According to Vogue, this year marked Tyla’s third Met Gala appearance, and she wore a custom Valentino look designed by Alessandro Michele. The outfit featured a satin “bleu paon” skirt with a deep slit and an embroidered silver-rhinestone waistline. The tulle top featured long sleeves, a deep V neckline, fringe, and silver sequins. Vogue described the look as “very much giving body,” a fitting choice for an exhibition focused on how fashion interacts with the human form.
Peacock blue can easily become costume territory, but the styling kept the look in the realm of controlled fantasy. She looked like a pop star who also understands that the Met steps are crucial for representation.
SZA turned fabric, insects, flowers, and mythology into a golden vision
For her part, SZA took a different route.
According to ELLE, SZA attended the 2026 Met Gala in a golden yellow dress designed by Emily Adams Bode Aujla of Bode. The look included a corset dress with a tiered embroidered skirt, made with 100 yards of material sourced from eBay. On the carpet, SZA extended her arms to reveal a sheer butterfly-inspired cape held up by beaded bracelets, with swirling patterns and symmetrical floral details.
The accessories carried the same world-building. SZA wore a matching headpiece decorated with pincushion protea, moth orchids, calla lilies, cowrie shells, and champagne-colored jewels. The designer told Vogue, according to ELLE, that they worked with a vintage dealer who sourced “over a hundred yards of yellow fabrics” in tulle, taffeta, silk faille, and beadwork on lace, and that SZA’s affinity for moths, butterflies, insects, world travels, and specific deities shaped the final look.
Doechii made the Met Gala feel dark, feminine, and fully intentional.
Doechii has become one of those artists whose fashion never disappoints.
At the 2026 Met Gala, she leaned into that reputation. According to Vogue, Doechii made her second Met Gala appearance in a burgundy Marc Jacobs wrap dress, styled by Sam Woolf. Makeup artist Chelsea Uchenna told Vogue she knew the glam would be a “dark, feminine look,” which aligned with Doechii’s “very bohemian, very goddess vibes.”
The details did the rest.
Vogue reported that Uchenna used deep smoky tones and earthy jewel tones, with luminous skin meant to complement the outfit rather than overpower it. Hairstylist Matthew Jean-Pierre told Vogue that Marc Jacobs created the accompanying headpiece, explaining, “It’s actually a hat. I knew the headpiece was gonna be the star of the show, so we didn’t want to do a wig that was too complicated.”
That headpiece became a crown in its symbolism.
Even her nails extended the concept. Nail artist Rachel Sun told Vogue that she originally planned “a simple burgundy cat-eye nail,” but “could not leave it at that for such an iconic person and event.” Sun said the final nail look drew from naturally forming crystal clusters and added, “Art doesn’t demand practicality, and neither should nails.”

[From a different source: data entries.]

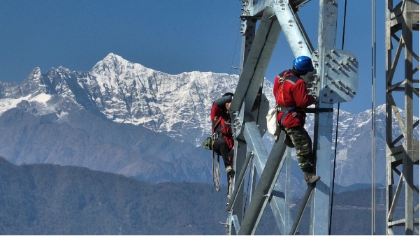 在四川甘孜藏族自治州瀘定縣,金沙江上游—湖北特高壓直流輸電工程建設(shè)正酣,電力施工人員在山脊上爭(zhēng)分奪秒組裝塔材。“我們所在的標(biāo)段處于高海拔重冰區(qū),新建的上百座鐵塔坡度均大于35度,最陡達(dá)65度,有的塔腿高差近20米,仿佛在‘刀背’上架鐵塔。”國網(wǎng)四川送變電公司項(xiàng)目經(jīng)理鄒忠旋介紹。這個(gè)全球海拔最高的特高壓直流輸電工程,投運(yùn)后每年可向華中地區(qū)輸送電量近400億千瓦時(shí),替代燃煤超1700萬噸。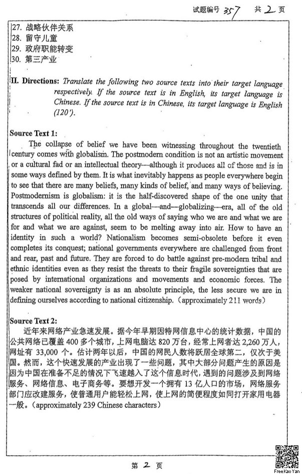 南京大学2013翻译硕士MTI英语翻译基础357考研真题(2)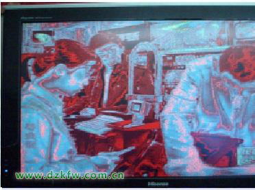 看图片,可以看到字符是正常的,就把故障压缩在显示格式变换的上游电路。从图像显示的故障现象,判断在视频解码器电路。因为,图像增强处理电路产生的故障是块状的,不是细碎的。

Chase Infiniti turned the Met Gala naked body theme into artful control
According to Vanity Fair, the One Battle After Another breakout star attended her first Met Gala as a guest of Thom Browne, wearing a trompe-l’oeil nude-illusion dress inspired by the Venus de Milo. Browne dressed each of his guests as an embodiment of sections from the “Costume Art” exhibition, and Infiniti represented the naked body.
But the look pushed far beyond classical reference.
Vanity Fair reported that the dress was fully embroidered with paint-stroke motifs, using more than 1.5 million stacked sequins paired with tiered silk fringe in over 600 different colors, layered to mimic brushstrokes. Infiniti told the outlet, “I love a [red] carpet so much, because I love getting to walk while literally wearing art.” She also said, “I like that it’s really not shying away from the naked body, while still not exposing myself,” adding that the dress was “artistic and tasteful.”
Cardi B showed up sick and still gave the Met Gala a full Marc Jacobs theater.
Then there was Cardi B.
Because, of course, Cardi B would arrive battling a fever and still understand that the 2026 Met Gala requested everyone to say “no matter what, we are here.”
According to People, Cardi told reporters on the red carpet, “You wanna know a secret? I’m actually sick, and I have a fever.” People reported that she attended in a custom Marc Jacobs gown from his fall 2025 collection, featuring head-to-toe lace, two large masses around her shoulders and at the bottom of the dress, and colors including purple, pink, orange, and nude, with light pink gloves and black leaf stitching.
CBS News simply reported that Cardi wore Marc Jacobs and noted the exaggerated silhouette. MadameNoire went further, describing the look as sheer black lace with exaggerated puff sleeves, sculptural detailing, a dramatic train, a body-hugging silhouette, pink and purple undergarments, sleek black hair, glowing glam, and a bright smile.
The inspiration made the look even stranger and more compelling. People reported that, according to Vogue, the silhouette took inspiration from German artist Hans Bellmer, known for life-sized female dolls.
Naomi Osaka made the Met Gala feel like the Grand Slam of fashion
Naomi Osaka also belongs in that conversation because her Robert Wun look was simply perfect. According to Vogue, Osaka returned to the Met steps for the first time since co-chairing the event in 2021, wearing a custom two-piece set by Robert Wun. The designer described the look as a “two-part act” that began with “a sculpted ivory coat, with open seams exposing red crystals from within,” before revealing a fitted red crystallized gown underneath.
Wun told Vogue the gown featured more than 659,000 stitches of embroidery, took over 3,280 hours of handiwork, and used thousands of Swarovski crystals in four shades of red to illustrate human anatomy “needle by needle, crystal by crystal.”
For her part, Osaka made clear she understands the symbolic value of the carpet, telling Vogue, “Obviously, a lot of people know me for my tennis outfits, and the Met Gala is the Grand Slam of fashion.”
Teyana Taylor’s Met Gala look blurred the line between body and art
Teyana Taylor, meanwhile, made the body feel like something constantly appearing and disappearing in motion. According to People, Taylor, who served on the 2026 Met Gala host committee, wore a silver fringed Tom Ford gown with a matching fringed headdress draped over half her face. Ahead of the event, she told Vogue, “The outfit is always very, very important to me,” adding, “It looks like it’s melting as I move. I like to think of it as the ‘ghost of a body,’ it appears and disappears, appears and disappears as I’m moving.”
The best Met Gala looks understood fashion as power, not decoration.
The strongest looks of the night did something many red carpets fail to do: they made the body political without feeding the controversy.
For the past few weeks, social media users have called for a boycott of the honorary co-chairs, Jeff Bezos and Lauren Sánchez Bezos, linking the backlash to income inequality, Amazon’s business dealings, and big tech’s role in funding the fashion industry. Similarly, activist groups posted calls to boycott around Manhattan over Amazon’s alleged mistreatment of workers and ties to ICE.
But in the hands of women of color, that context did not disappear once the carpet started. It sat underneath the glamour.
So when women of color dominated the visual conversation, the moment carried a sharper charge. The Met Gala remains one of fashion’s most elite spaces, one tied to money, access, hierarchy, and institutional power. And yet, so much of the night’s actual cultural electricity came from Black women and women of color who transformed that space.